Description of the task >> The answer consists of one number: how many lines of the data below include the string "with".

Task input >>

BEGIN

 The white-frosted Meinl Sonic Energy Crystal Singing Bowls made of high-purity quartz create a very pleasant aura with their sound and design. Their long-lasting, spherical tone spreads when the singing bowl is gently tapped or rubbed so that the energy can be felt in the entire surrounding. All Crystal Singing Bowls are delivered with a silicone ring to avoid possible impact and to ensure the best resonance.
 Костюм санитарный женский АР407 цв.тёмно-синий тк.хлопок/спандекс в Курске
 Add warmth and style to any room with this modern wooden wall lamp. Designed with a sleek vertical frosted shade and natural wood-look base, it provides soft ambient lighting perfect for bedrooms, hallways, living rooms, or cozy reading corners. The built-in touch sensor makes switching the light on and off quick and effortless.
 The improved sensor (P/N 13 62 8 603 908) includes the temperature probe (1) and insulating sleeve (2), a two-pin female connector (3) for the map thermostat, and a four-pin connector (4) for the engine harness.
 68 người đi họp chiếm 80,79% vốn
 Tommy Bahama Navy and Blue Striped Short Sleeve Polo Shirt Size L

END
BEGIN

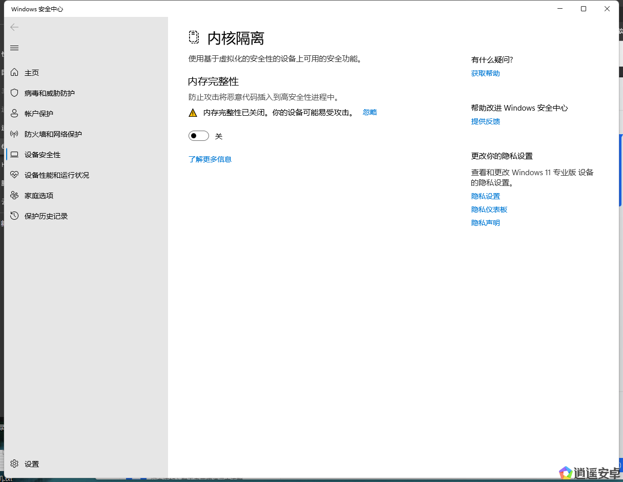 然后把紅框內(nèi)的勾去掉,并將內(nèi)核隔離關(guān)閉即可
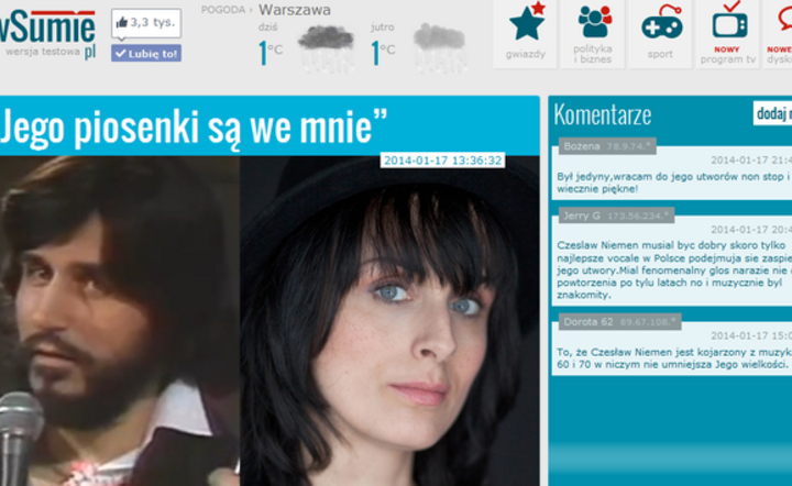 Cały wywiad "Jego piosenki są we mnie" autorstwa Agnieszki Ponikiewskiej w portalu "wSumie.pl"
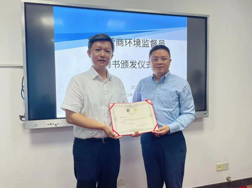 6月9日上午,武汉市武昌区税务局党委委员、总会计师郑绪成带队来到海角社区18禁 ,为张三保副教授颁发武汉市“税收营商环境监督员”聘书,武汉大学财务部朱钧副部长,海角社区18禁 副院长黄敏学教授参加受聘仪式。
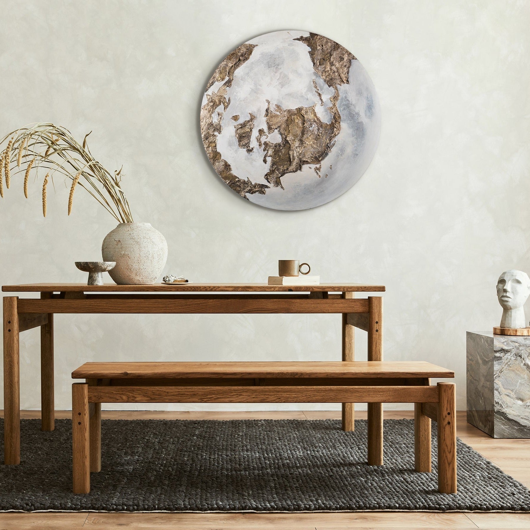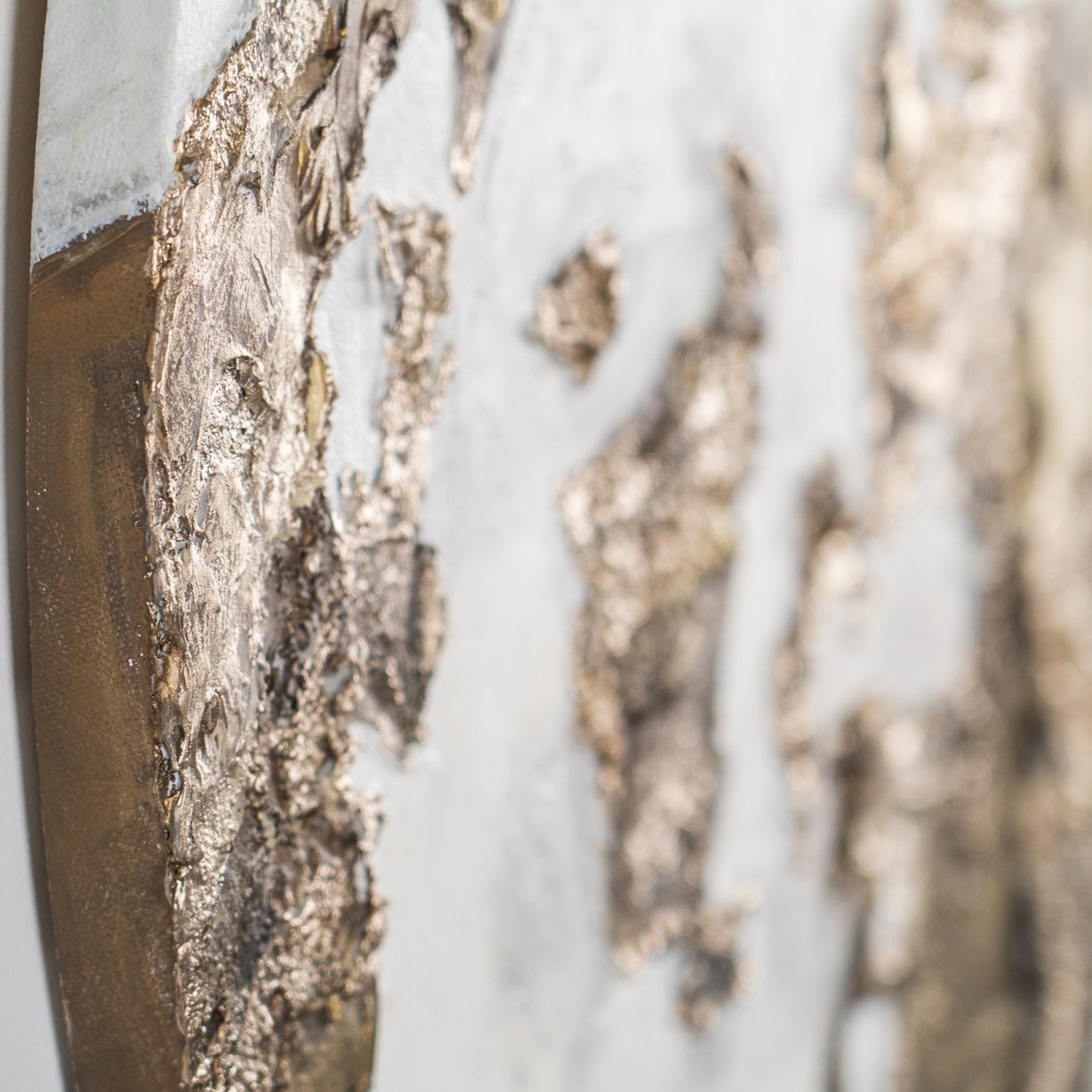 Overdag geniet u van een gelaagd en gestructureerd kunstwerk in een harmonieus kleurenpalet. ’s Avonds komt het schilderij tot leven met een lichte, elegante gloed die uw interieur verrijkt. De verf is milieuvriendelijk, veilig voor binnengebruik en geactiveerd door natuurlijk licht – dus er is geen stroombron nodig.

END

Response area >> 2